Scuola. La bella manifestazione di piazza del Popolo a Roma. Da tutta Italia per una sola voce: torni al centro dell’agenda politica, basta precariato e più risorse

Scuola. La bella manifestazione di piazza del Popolo a Roma. Da tutta Italia per una sola voce: torni al centro dell’agenda politica, basta precariato e più risorse

Il mondo della scuola in piazza del Popolo a Roma ha sfidato la pioggia battente per chiedere maggiori risorse, iniziative contro il precariato e soprattutto per dare all’istruzione la priorità nell’agenda di governo. Proprio “Priorità alla scuola” è stato il titolo della manifestazione scelto dagli organizzatori che hanno sfidato le avversità del meteo per radunarsi in piazza. Un popolo fatto di mascherine, ombrelli, qualche slogan e attenzione al distanziamento. Una piazza contingentata, con presenza regolata ai varchi. Sindacati, genitori, alunni, tutti assieme riuniti sotto il palco allestito su una piattaforma mobile per chiedere una scuola migliore ed invocare maggiore attenzione da parte delle istituzioni. Presenti tutte le sigle sindacali. Nonostante il maltempo abbattutosi sulla capitale molti i manifestanti arrivati da diverse parti d’Italia. Durante gli interventi seguiti nel corso della manifestazione sono stati segnalati i gravi disagi che sta affrontando la scuola nell’anno terribile del coronavirus. A partire dal peso del precariato. L’indice è stato puntato contro il governo per la mancata assunzione, dal primo settembre, di migliaia di precari. Secondo i numeri snocciolati nel corso dell’iniziativa sarebbero almeno 200 mila.
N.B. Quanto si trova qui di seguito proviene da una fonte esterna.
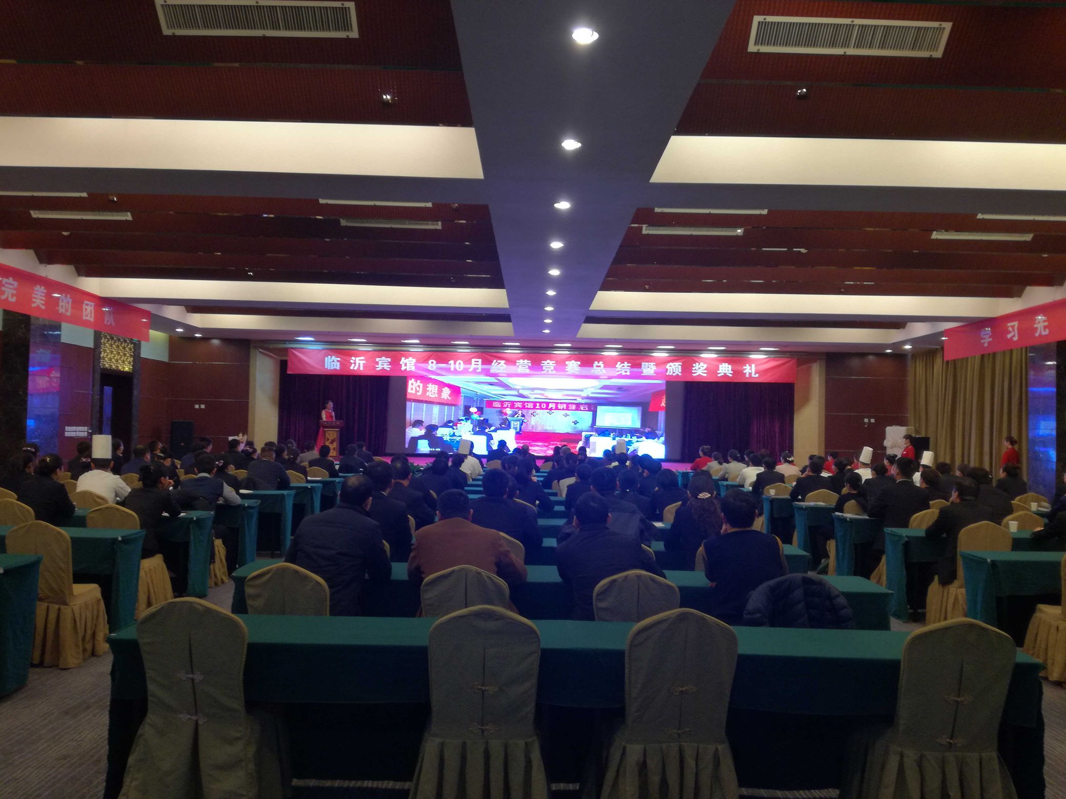 11月22日下午,臨沂賓館8至10月份經(jīng)營競賽總結(jié)大會暨頒獎典禮在臨沂賓館開發(fā)區(qū)店蒙山廳舉行。會上對臨沂賓館8至10月份經(jīng)營競賽活動期間各分店的完成情況進行了通報,對超額完成任務(wù)目標(biāo)的分店和部門進行了獎勵,并對經(jīng)營競賽活動期間表現(xiàn)突出的個人進行了表彰。 自臨沂賓館開展8至10月份經(jīng)營競賽活動以來,全體員工熱情高漲,充分發(fā)揮主觀能動性,創(chuàng)造了升學(xué)宴接待的新高,收到了良好的效果。(臨沂賓館辦公室 王本強)
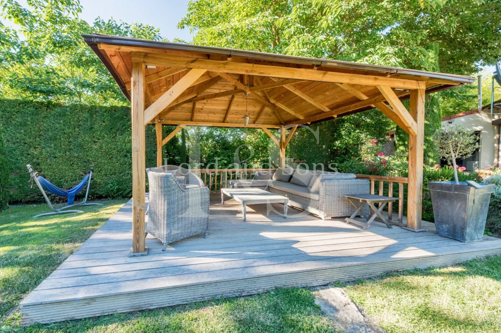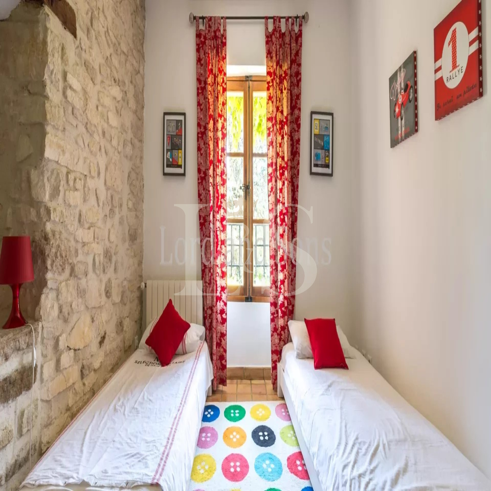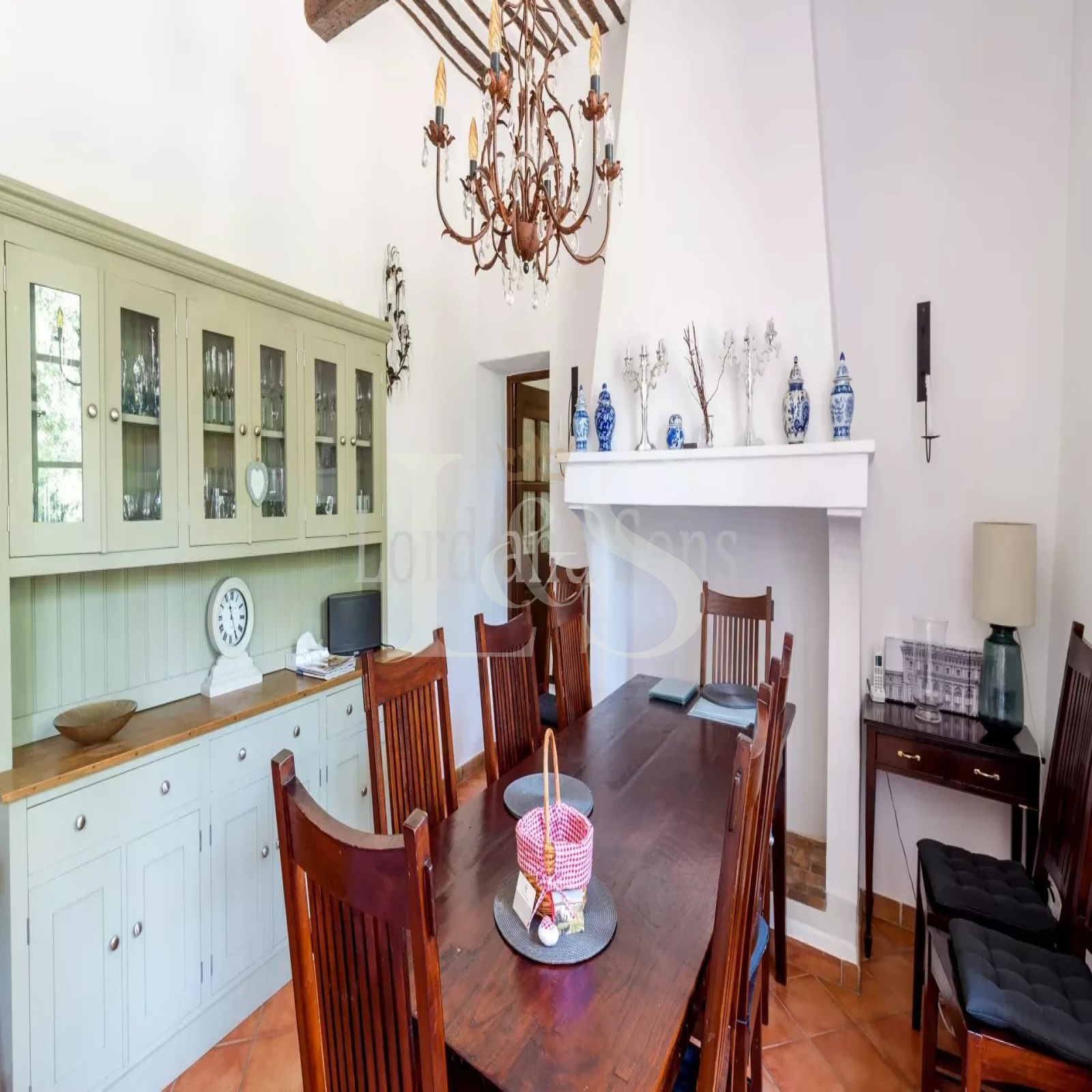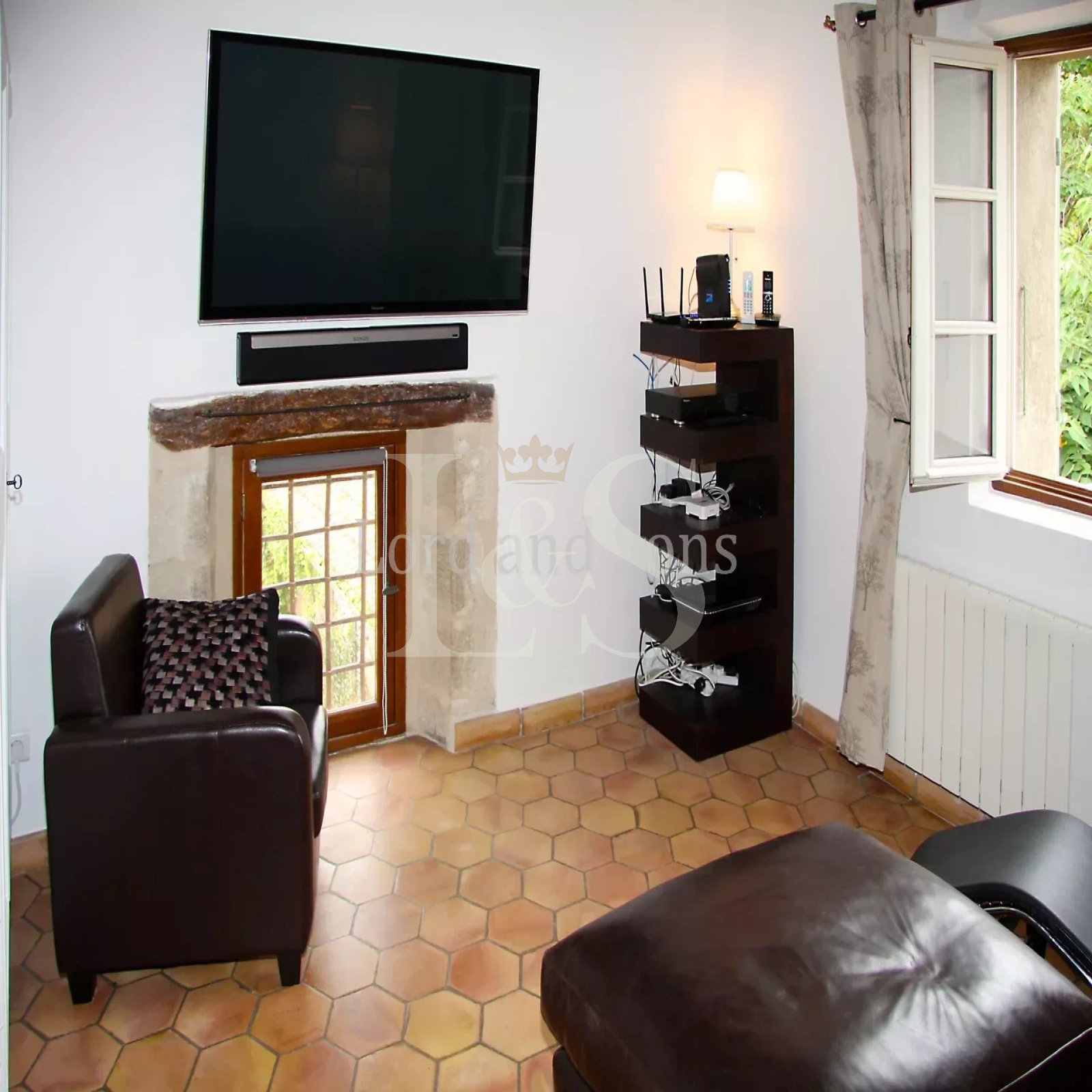 Exclusivité. Provence, Vaucluse, sud Ventoux, en campagne de Carpentras. Lord and Sons vous propose la vente de cette superbe propriété, partie d'un ancien couvent datant du 9ème siècle, un véritable oasis de calme et de verdure situé dans les faubourgs de la capitale du Comtat Venaissin. Elle a été entièrement rénovée et offre des prestations remarquables. La maison principale se compose comme suit: - au RDC: hall d'entrée, salle à manger avec cheminée, cuisine toute équipée avec accès direct à une terrasse couverte, salon, salle de bains avec wc. - A l'étage, le palier dessert une chambre parentale, un salon, une salle de bains avec toilettes et deux autres chambres partageant une salle de douche avec toilettes. La maison d'amis (ou gite) comprend: un séjour avec une cuisine entièrement équipée, 2 chambres, une salle de bains, un wc séparé, une buanderie et une cave à vin. A l'extérieur, le magnifique jardin paysager et le parc arboré sont agrémentés d'une piscine 12mx5m chauffée (filtration au sel), d'un adorable gazebo, de 2 terrasses couvertes, d'un boulodrome et d'un garage. Une très belle propriété, au calme absolu, située à 5 min des commerces et des voies rapides menant à l'autoroute A7, Avignon TGV ou vers le mythique Mont Ventoux.

La ricetta per i sindacati è la stessa: più investimenti e maggiori risorse per un’istituzione importante alla formazione delle future generazioni. Da parte dei dirigenti di tutte le sigle sindacali presenti in piazza è stato richiesto un maggiore impegno economico da destinare non solo alle strutture ma soprattutto sul personale. “Anche la Cisl oggi è in piazza insieme a studenti, insegnanti e famiglie per una scuola più sicura, più investimenti, copertura degli organici per garantire a tutti il diritto allo studio. Il governo non sottovaluti la protesta. Il futuro del nostro Paese dipende dalla scuola” ha scritto su Twitter la segretaria generale della Cisl Annamaria Furlan. “La Cgil – ha affermato il segretario generale Maurizio Landini – oggi è scesa in piazza insieme a studenti, insegnanti, famiglie e altre organizzazioni sindacali per una scuola che garantisca sicurezza, presenza, continuità, e per chiedere che il diritto allo studio sia garantito in egual misura a tutti i bambini e ragazzi dall’infanzia all’Università”.   Per Landini “servono più investimenti per garantire la sicurezza e la copertura degli organici, ma soprattutto è il momento di aprire un vero confronto e pensare ad una vera riforma. Scuola e formazione continua rappresentano il futuro di un paese”. Pino Turi, segretario generale Uil scuola, ha parlato di “sottovalutazione del problema scuola” chiedendo un cambio di passo “recuperando il tempo perduto”.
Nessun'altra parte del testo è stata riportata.